Ramon Espadaler Parcerisas (born 19 September 1963 in Vic, Catalonia, Spain), is a Spanish politician. He is married with three children.

Early life and education

He gained a BA in geography and history from the University of Barcelona. He also studied political science and sociology at the Autonomous University of Barcelona.

Political career

Espadaler has been a member of the Catalan Parliament from 1992 to the present, except for a period between January 2000 and 2003. During that time, he held two government posts. He was first appointed director general for local government at the Ministry for Governmental Affairs and Institutional Relations. The following year he became minister for the environment, a post he held until 2003.

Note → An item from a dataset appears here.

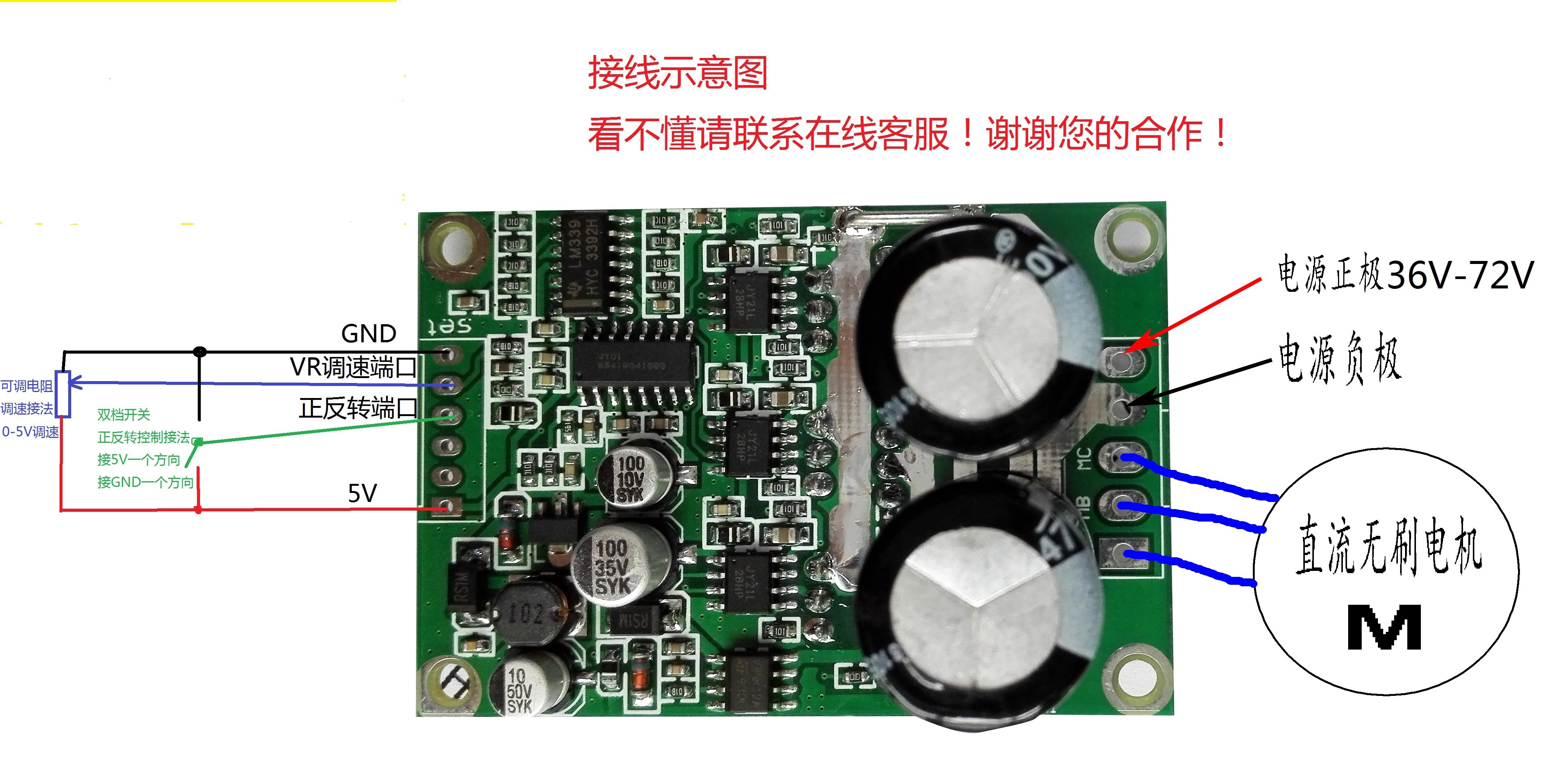 VCCПорт - это положительное входное напряжение питания36V-72V

From 2010 to 2012, he was deputy spokesman for the CiU, Catalonia's current ruling coalition, at Catalonia's Parliament. The CiU was then the main opposition group. He sponsored bills 7/2011 (on financial and tax measures), 9/2011 (on the promotion of business activities), and 5/2012 (on financial, tax, and administrative measures, and setting up of a tax on hotel stays). He had previously served as deputy mayor of Vic (1999-2001), and as deputy mayor of Sant Quirze de Besora, a smaller nearby town (1991-1999).

Espadaler has been a Catalan representative at the Congress of Local and Regional Authorities of the Council of Europe. He has authored a number of history papers, together with articles in the local and national press.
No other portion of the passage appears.